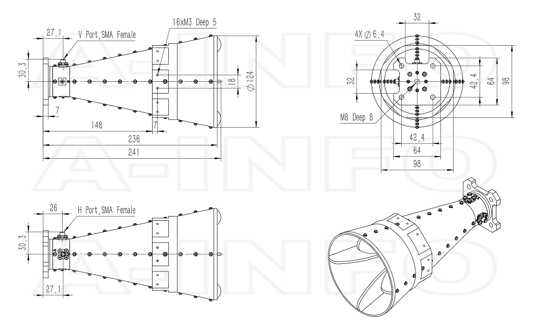 Stożkowa antena tubowa o podwójnej polaryzacji LB-CSJ-40400-2.4F, pracująca w zakresie częstotliwości od 4 do 40 GHz, ze Stożkowa antena tubowa o podwójnej polaryzacji LB-CSJ-20180-SF, pracująca w zakresie częstotliwości od 2 do 18 GHz, ze wzmocnieniem nominalnym 16 dB i niskim współczynnikiem SWR 1,5:1, wyposażona w żeńskie złącze wyjściowe typu SMA. Model LB-CSJ-20180-SF charakteryzuje się równomiernym wzmocnieniem w całym zakresie częstotliwości, zapewniając wysoką wydajność i kierunkowość. Może obsługiwać moc ciągłą 25 W i moc szczytową 50 W. Wykonana z lekkiego, odpornego na korozję aluminium, antena zapewni lata bezproblemowej pracy wewnątrz i na zewnątrz. Ta antena tubowa o podwójnej polaryzacji liniowej idealnie nadaje się do testów EMI, namierzania kierunku, monitoringu, pomiarów wzmocnienia anteny i charakterystyki kierunkowej oraz innych zastosowań.
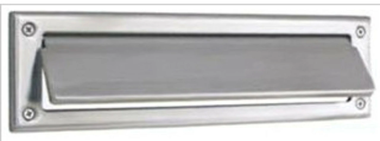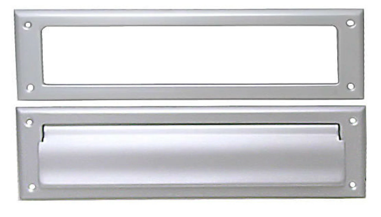 Aluminum mail chute with a satin finish will dress up any door exterior and interior. Spring loaded door closure for a security. Frame size: 13 1/8″ x 3 5/8″ Flap opening: 11″ x 2 3/8″ Comes with mounting hardware. Order stainless steel sleeve AM-5349 for a professional installation.
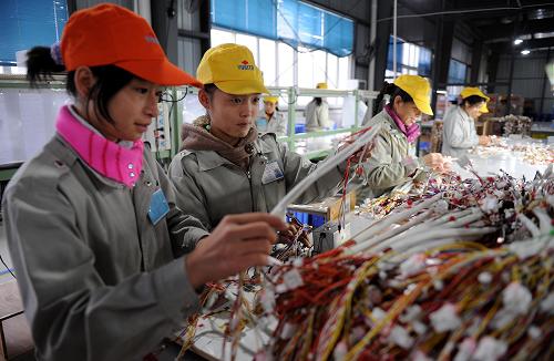 資料圖片:江西省上猶縣返鄉(xiāng)農(nóng)民工在該縣工業(yè)園區(qū)行田電產(chǎn)有限公司上班(11月18日攝)。2008年下半年以來,受國際金融危機影響,江西省就業(yè)形勢非常嚴峻。為此,江西省綜合運用各種政策保企業(yè)促就業(yè),多渠道搭建就業(yè)平臺,免費培訓(xùn)農(nóng)民工轉(zhuǎn)崗轉(zhuǎn)業(yè)和自主創(chuàng)業(yè),至今年10月底,江西省返鄉(xiāng)農(nóng)民工315萬中已有308.5萬在省內(nèi)外實現(xiàn)就業(yè)創(chuàng)業(yè)。新華社記者 周科 攝

● **Work order**
Repeat the data verbatim, excluding all pictures.

● **Response**
 Stożkowa antena tubowa o podwójnej polaryzacji LB-CSJ-40400-2.4F, pracująca w zakresie częstotliwości od 4 do 40 GHz, ze Stożkowa antena tubowa o podwójnej polaryzacji LB-CSJ-20180-SF, pracująca w zakresie częstotliwości od 2 do 18 GHz, ze wzmocnieniem nominalnym 16 dB i niskim współczynnikiem SWR 1,5:1, wyposażona w żeńskie złącze wyjściowe typu SMA. Model LB-CSJ-20180-SF charakteryzuje się równomiernym wzmocnieniem w całym zakresie częstotliwości, zapewniając wysoką wydajność i kierunkowość. Może obsługiwać moc ciągłą 25 W i moc szczytową 50 W. Wykonana z lekkiego, odpornego na korozję aluminium, antena zapewni lata bezproblemowej pracy wewnątrz i na zewnątrz. Ta antena tubowa o podwójnej polaryzacji liniowej idealnie nadaje się do testów EMI, namierzania kierunku, monitoringu, pomiarów wzmocnienia anteny i charakterystyki kierunkowej oraz innych zastosowań.
 Aluminum mail chute with a satin finish will dress up any door exterior and interior. Spring loaded door closure for a security. Frame size: 13 1/8″ x 3 5/8″ Flap opening: 11″ x 2 3/8″ Comes with mounting hardware. Order stainless steel sleeve AM-5349 for a professional installation.
 資料圖片:江西省上猶縣返鄉(xiāng)農(nóng)民工在該縣工業(yè)園區(qū)行田電產(chǎn)有限公司上班(11月18日攝)。2008年下半年以來,受國際金融危機影響,江西省就業(yè)形勢非常嚴峻。為此,江西省綜合運用各種政策保企業(yè)促就業(yè),多渠道搭建就業(yè)平臺,免費培訓(xùn)農(nóng)民工轉(zhuǎn)崗轉(zhuǎn)業(yè)和自主創(chuàng)業(yè),至今年10月底,江西省返鄉(xiāng)農(nóng)民工315萬中已有308.5萬在省內(nèi)外實現(xiàn)就業(yè)創(chuàng)業(yè)。新華社記者 周科 攝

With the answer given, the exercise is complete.